Romney Says He’d ‘Have Immediately Pardoned’ Trump If He Were Biden
Mitt Romney, the only GOP senator to vote to convict Donald Trump in both his impeachment trials, told MSNBC on Wednesday that he “would have immediately pardoned” the 2024 hopeful if he were President Joe Biden.
Reflecting on his final year in office during an interview with MSNBC anchor Stephanie Ruhle, which will air on Wednesday evening, the Utah senator lamented the increasing polarization of politics across the country and how his GOP colleagues should approach the upcoming election.
Regarding the dozens of criminal charges that Trump faces, both on the state level and federally, Romney criticized his fellow Republicans for rushing to Trump’s hush money trial in New York to defend the ex-president and attacking the legal system in the process. Yet, while saying it’s “demeaning” for wannabe vice-presidential candidates to wear Trump’s trademarked red tie ensemble outside the courthouse, he also told Ruhle that Biden “should have fought like crazy to keep this prosection” from proceeding.
Asked if there should be a separation of powers and branches of government, Romney claimed that if Lyndon B. Johnson were still president, “he’d have been all over that prosecutor” and threatened to drive him out of office if he went forward with the trial.
“But I’m pretty sure you support having separate but equal branches of government,” Ruhle retorted.
“I do, but I also— let me tell you, I mean—you may disagree with this, but had I been President Biden, when the Justice Department brought out indictments, I would have immediately pardoned him. I’d have pardoned President Trump,” Romney stated.
“Why? Well, because it makes me, President Biden, the big guy and the person I pardoned the little guy,” he continued. “ And, number two, it’s not going to get resolved before the election. It’s not going to have an impact before the election. And, frankly, the country doesn’t want to have to go through prosecuting a former president.”
While Trump does face federal charges in criminal cases surrounding the Jan. 6 insurrection and his mishandling of classified documents, the trial in New York focuses on state criminal charges of falsifying business records. The president could not pardon Trump on the state-level charges in New York or his election interference case in Georgia.
Romney, meanwhile, insisted that voters already know that Trump acted inappropriately on numerous occasions and don’t need him to be convicted of a crime to prove that.
“I think the American people have recognized that President Trump did have an inappropriate affair with someone who was a porn star. I think they realize that,” the Utah lawmaker declared. “I think they realize he took classified documents he shouldn't have and didn't handle them properly. I think they understand that as well.”

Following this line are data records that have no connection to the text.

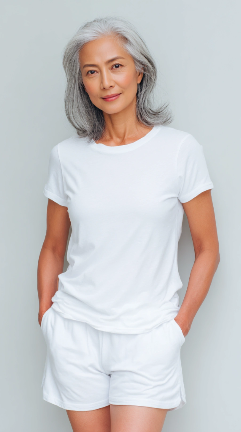提示词(Prompt) 亚洲 70岁的女装模特站立,穿着纯白短T恤和白色短裤,姿势休闲,双手在外面放松,中性灰色背景,全身丰满,极简主义工作室灯光 --ar 9:16 --c 20 |
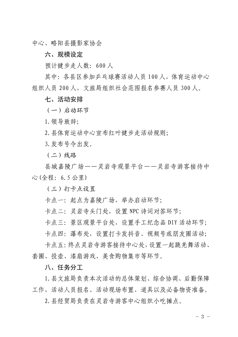 | 内容概述 | 略阳县文化和旅游局略阳县举办第二届“游灵岩栈道·赏嘉陵红叶”健步走暨第二十九届“汉水情(略阳站)乒乓球联谊赛”活动方案 | ||||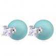 Lindos aretes en baño de oro blanco de 18 quilates, detalle de perla verde agua con cristal en color blanco corte princesa. Fabricado en una estructura de aleación de platino con rodio sin níquel.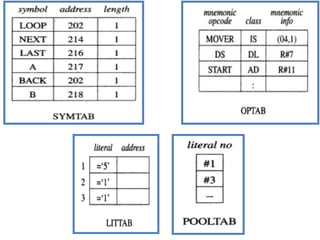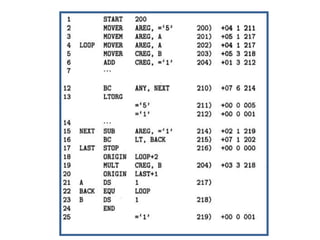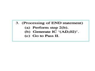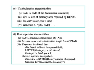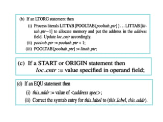 This document discusses the first pass of an assembler. It begins by defining an assembler as a language processor that converts assembly language to machine language. It then describes the different types of assemblers, focusing on single-pass and two-pass assemblers. For two-pass assemblers, it outlines the tasks of the analysis and synthesis phases in the first and second passes respectively. These include separating symbols, building symbol tables, performing label and literal processing, and constructing intermediate code in the first pass and then generating the target program in the second pass. The document provides an example of intermediate code format and walks through converting an example assembly program to intermediate code using the first pass of a two-pass assembler.
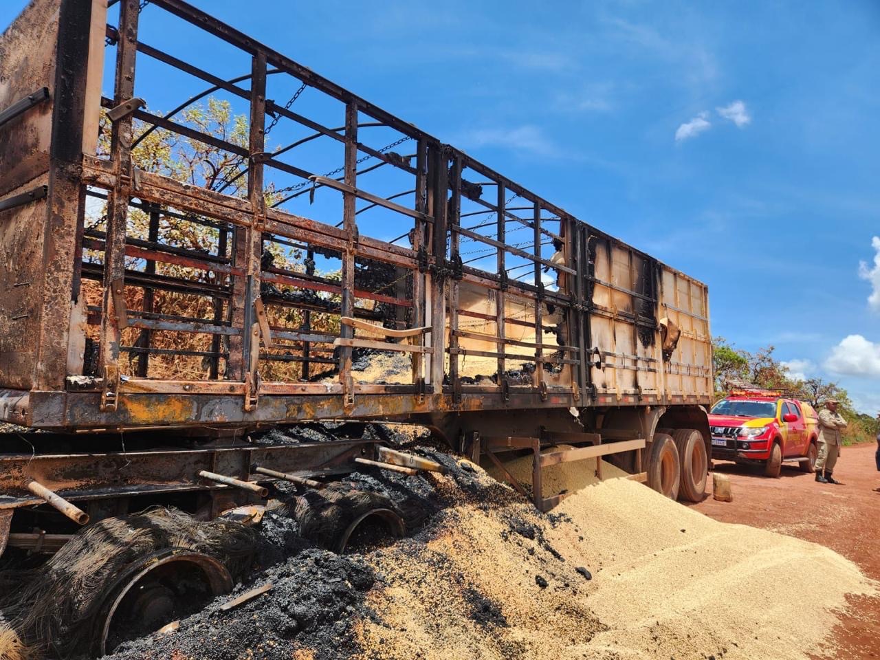 Na manhã desta terça-feira (02/12), o motorista acionou o Corpo de Bombeiros Militar de Posse para registrar oficialmente a ocorrência e garantir a formalização do ocorrido. Quando a equipe chegou ao local, o incêndio já estava extinto, restando apenas os vestígios do fogo, a carga derramada e a carroceria danificada.

He added: “I think they realize he’s been lying about the election in 2020. They know those things. So these things are not changing the public attitude. And, frankly, we ought to get beyond these and focus on the big issues that really matter to the American people, our inflation, our border, what’s happening around the world, America's involvement in the world.”
According to Romney, the GOP presidential nominee in 2012, Biden and Trump “would do best focusing on the future for this great country.”
As for who he will vote for come November, Romney—who previously wrote in his wife’s name the past two presidential elections rather than cast a ballot for Trump—said he wasn’t willing to announce that at this time. But he was willing to say who he wouldn’t support.
“I’m not going to be voting for President Trump. I made that clear,” he stated. “I know for some people, the character is not the number one issue. It is for me. When someone has been, well, determined by a jury to have committed sexual assault, that’s not someone who I want my kids and grandkids to see as president of the United States.”